My desire to see LinkedIn add “Biggest Mistakes” to their resume template is about defaults. Default settings (let’s broadly define as what a user encounters native to a system), are really significant because they often remain unchanged and also signal the environmental norms. What does the community you are joining expect of you? And I firmly believe that norms are more important than laws when trying to impact behavior change. In response to my post, LinkedIn CEO Jeff Weiner replied: “Think the sentiment is spot on. Have always thought some of the most valuable career lessons I’ve learned are what not to do.”
So time to pick on another influential service: AngelList 🙂
AngelList’s impact on early stage investing can’t be underestimated – it has been one of the forces creating tremendous funding velocity in the marketplace. Because of this, their company template has become something which doesn’t just record information, but shapes it. Their tabs and fields instruct founders what data they need to supply in order to “fit” into the community. For example, I might suggest that the prominence of their Advisor section has promoted the concept and value of an Advisory Board beyond it’s previous import.
So this got me thinking. My friends Shervin & Matt created 1% of Nothing which promotes early stage philanthropy – the idea that becoming charitable isn’t something you do after the IPO, but rather at founding by setting aside 1% of your equity for a cause. It’s great and they’ve had some early success.

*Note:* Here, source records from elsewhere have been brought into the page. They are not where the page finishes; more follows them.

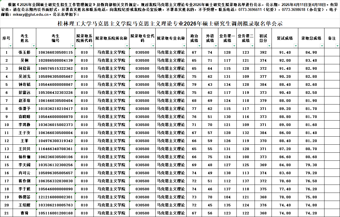 根据教育部及我校相关文件规定,现将永利集团88304官网集团复试拟录取名单(调剂)进行公示。公示期7日,如考生对复试录取名单有异议,请与永利官网办公室联系,联系电话0773-3698618。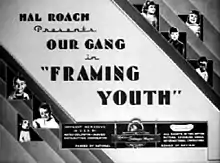 Framing Youth is a 1937 Our Gang short comedy film directed by Gordon Douglas.[1] It was the 158th Our Gang short (159th film, 70th talking short, and 71st talking film) that was released.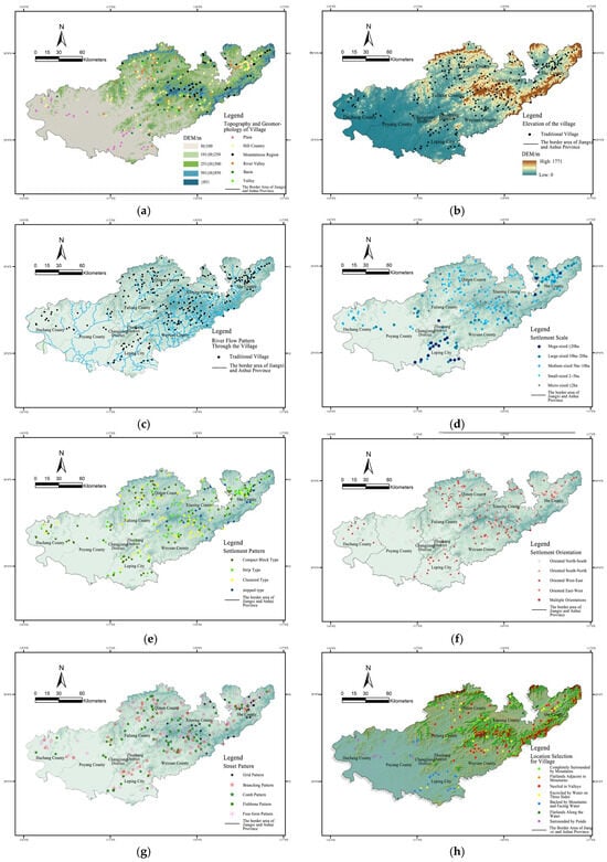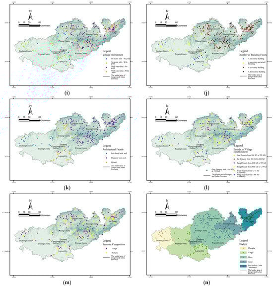 Spatial distribution characteristics of data-based cultural landscape factor types in traditional villages at the Jiangxi-Anhui border region: (a) topography and geomorphology, (b) elevation, (c) river flow pattern through the villages, (d) settlement size, (e) settlements pattern, (f) orientation of the settlements, (g) street pattern, (h) location selection for villages, (i) villages environment, (j) stories of dwellings, (k) appearance of dwellings, (l) periods of villages establishment, (m) clan structure of villages, (n) dialect. Source: Drawn by authors based on the satellite base map of Map World GS (2024) No. 0650 Data Sources.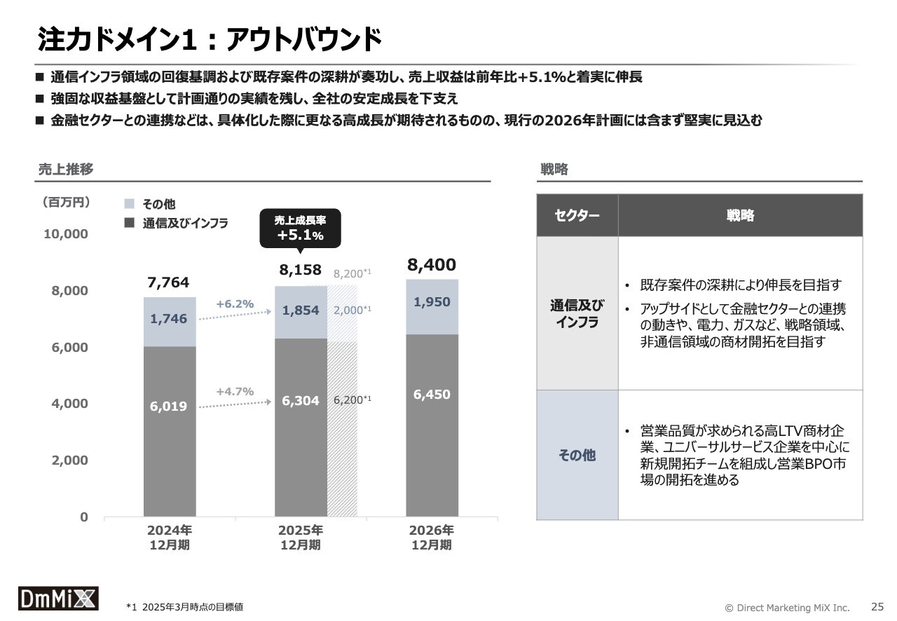 各ドメインおよび注力ドメインについて簡単にご説明します。1つ目はアウトバウンドです。スライド左側に売上推移、右側に戦略を記載しています。

But the real opportunity is to make this the behavior of entrepreneurs everywhere. Make it the default, so that founders are actually opting out, rather than opting in. One approach might be to get it written into the standard early stage funding docs, so that it actually needs to be removed rather than added. But another powerful and public way would be to add it as a field to the AngelList company profile. Did this startup commit 1% and to what organization?
Boom! Overnight this becomes a piece of data that investors will review. The decision – to fund or not, and to what organization – turns into another part of the conversation, one which sheds some light on the heart and passion of the founders. And if it turns out to be a positive signal, well, one might actually find that companies which commit to philanthropy early on outperform those which don’t – essentially meaning the 1% dilution pays for itself.
And not just for funders but for employees – it becomes visible whether the startup you join is charitable at its core. With the tight competition for talent I can imagine this would be another selling point for potential hires. So Nivi, Naval, whatcha think?